Now, among the current free agents, name one that you would rather have over Melo. I’ll play the Jeopardy! theme for you so you can properly make that decision.
Now that you’ve played that whole video for ten hours, I’m sure you’ve finally come to the conclusion that there is no better option on the market currently.
The one person that probably came up as a potential alternative was James Ennis. Yes, Ennis is probably a better defender than Melo, but he is probably more likely of signing a minimum deal as opposed to one with the mid-level exception, which the Rockets would look to sign Melo with. I don’t think the possibility of signing both Melo and Ennis has been ruled out by the Rockets.
I can also understand the caution from fans last season for not wanting Melo at the price he was at. But now, his price is much cheaper than what it was a year ago. Anthony averaged 16.2 points per game, a career-low, and he ranked 43rd in points per game in the league this season. The next highest free agent scorer is Rodney Hood, who ranked 54th last season.
You won’t get a better scorer on the open market than Melo, even if he was a fraction of what he once was. I would rather have a fraction of Melo than what is left in free agency right now.

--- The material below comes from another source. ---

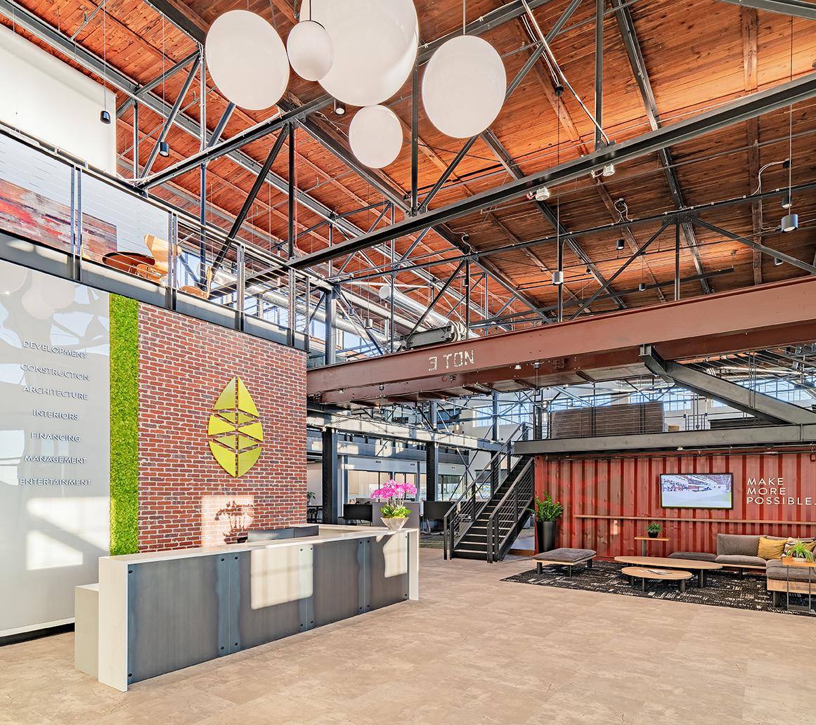 The use of large format LVT surfaces along main traffic corridors, combined the feel of exposed concrete while incorporating natural wood and steel elements to create a feeling of authenticity and warehouse chic.

I also think the system fit for Melo in Houston is better than what he was trying to fit in OKC. Westbrook would push him out of rhythm and it led to his poorest shooting percentage of his career, 40.4 percent. However, Mike D’Antoni’s system is going to give Melo more looks from beyond next season and he already has a developed chemistry with Chris Paul, the one guy that made all of his teammates around him so much better. I think CP3 can have a similar effect on Melo like he did with James Harden, P.J. Tucker and Clint Capela, all of whom had career years last season in their first year playing with Paul.
With Melo, I don’t think there is a huge risk to be taken. This reminds me slightly of when the Rockets traded for Ty Lawson back in 2015. The team had to do it because there was no reason not to. The Rockets gave away peanuts for him, and even though the Lawson experiment was a complete failure, it is not like the Rockets lost much because they traded for him.
Melo is the same thing. The Rockets are going to bring him in for peanuts. There is a chance that this thing bombs out and goes the opposite way the Rockets intend it to go, but at this point, they don’t have a better move they can make and they don’t have much, if anything, to lose.